The High Court's Media and Communications List has upheld interim injunctive relief against a litigant in person who waged a sustained campaign of threatening correspondence and TikTok videos against the solicitor and barrister acting for his opponent in ongoing Children Act proceedings. In Kayleigh Thorne & Anor v David Protheroe-Beynon [2026] EWHC 1042 (KB), Deputy High Court Judge Aidan Eardley KC extended the injunctions until trial, finding the threshold under s12(3) of the Human Rights Act 1998 was met.
The defendant had become deeply aggrieved by the course of the family proceedings and attributed blame to the two claimants. Having failed to obtain redress through regulatory complaints, civil claims (struck out as totally without merit) and contempt proceedings, he turned to direct threats and public allegation. His emails to the first claimant — a junior solicitor at the instructed firm — included statements that she would be "destroyed", that he had "something much more creative and unpleasant planned", and that he had a "whole weekend" over Easter to release material to ITN and the Liverpool Echo before she could seek relief. The second claimant, a junior barrister who had appeared at just two hearings in 2024, received emails threatening to name her in TikTok videos as a "dishonest barrister" — videos that were subsequently published.
Eardley J applied the s12(3) threshold rather than the more stringent Bonnard v Perryman rule, accepting that the claim was framed in harassment alone, with no damages sought and no reliance on defamation. The primary aim, on the evidence, was to stop the conduct — not to vindicate reputation.

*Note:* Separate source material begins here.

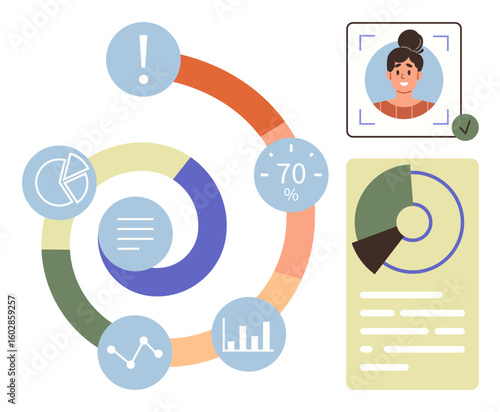 Tablet with charts and idea lamp on screen, flat vector illustration. Business idea, innovation.
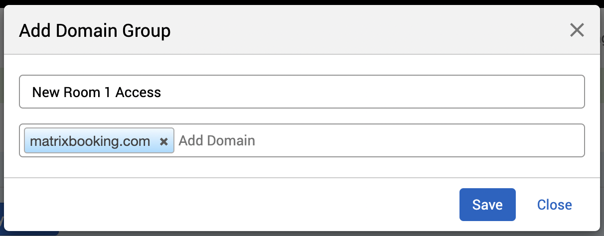 Enter the name of the domain group you’re creating in the Name text box (for example, New Room 1 Access).

On the substantive harassment analysis, the court drew on the principles summarised in Hayden v Dickenson [2020] EWHC 3291 and endorsed in Scottow v CPS. The harassing quality of publication cases lies more in manner and frequency than in the truth or falsity of the allegations. The defendant's argument that his conduct was analogous to a critical online review of a dishonest tradesman was firmly rejected: this was a prolonged, escalating campaign with the avowed aim of professional destruction, not a one-off expression of opinion.
The court also considered the Iqbal principle — that inter partes correspondence connected to litigation attracts immunity from harassment claims — but found it did not assist the defendant as regards the TikTok publications, and noted it went no further than protecting communications with a genuine nexus to the proceedings.
On injunction terms, the judge declined to prohibit contact with regulators or police, finding interim restriction disproportionate given that such bodies operate their own filtering procedures. He also refused to restrain future civil claims, noting the established civil restraint order regime already provides the appropriate mechanism. Crucially, the defendant was expressly permitted to report on public hearings and publish this judgement — subject only to the withholding order protecting the children's identities and details of the family proceedings.
The case carries a clear reminder of the interface between family court confidentiality and High Court harassment litigation. Neither side may deploy detailed family proceedings material in collateral civil claims without the Family Court's permission; a point the judge enforced robustly by excluding unapproved documents from both parties.
The court left open, but plainly flagged, the jurisdiction recognised in Titan Wealth Holdings Ltd v Okunola [2026] EWCA Civ 138 to restrain conduct that threatens the integrity of the court's own process — a jurisdiction that may yet be engaged as proceedings progress.